前出の「津田宗及他会記」の「鶴嘴の花瓶」は千利休の茶会に用いられた茶器として、宗及にとっても極めて強く印象に残った茶器であったことが、彼の詳しい批評からも窺われた。宗及のこの批評の後半に、

此花びん、惣別、こびたる物にてハなく候、いふうなるハかりにて候、うつくしくはなやかに、いふうニ見え申し候、乍去、よわきやうニハ見え不申候

と述べている。

つまり:

  1. 媚びてはいない
  2. 異風である。
  3. うつくしく、はなやかである。
  4. 弱くはない。

という花瓶だったわけか。

先述したように、この花瓶は「こびたる」ものではなく、「真・行・草」の境界の内の「草」の境地に至らない花瓶であると宗及は批評した。

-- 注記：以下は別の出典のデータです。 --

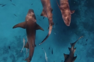 視頻中,庫(kù)巴西潛入海中游泳,并和一群鯊魚(yú)進(jìn)行互動(dòng)。

私は美意識と真行草を関連付けるのには反対なのだ。理由は追って述べる。

すなわち、ここの「異風」は座敷に関して茶会の亭主の人柄に相応した趣向を演出することが「異風」でないこと、すなわち「正風」体になるのである。

異風の反対が正風になるのは理解できる。
だが利休の鶴嘴の花瓶がどう異風だったかは理解できない。

利休のこの鶴嘴の花瓶は現代に伝わっていないから推測のよすががない…。

右のように、「異風」は「草」の境地、「異風」でないのは「真」の境地であるといってよい。
(略)
したがって、先に述べた「こびた」興趣もまた「異風」の感興の同種の表現であったと考えてよいのである。

なんでも真行草に結びつけるものだから、最初と矛盾ができている。

「こびた」が「異風」の同種の表現であったなら「こびたる物にてハなく候、いふうなるハかりにて候」の説明がつかなくなってしまう。

微妙かつ多種に及ぶ美意識を、たった三つしかない真行草に転写するものだから、写像がおかしくなってしまうのだと思う。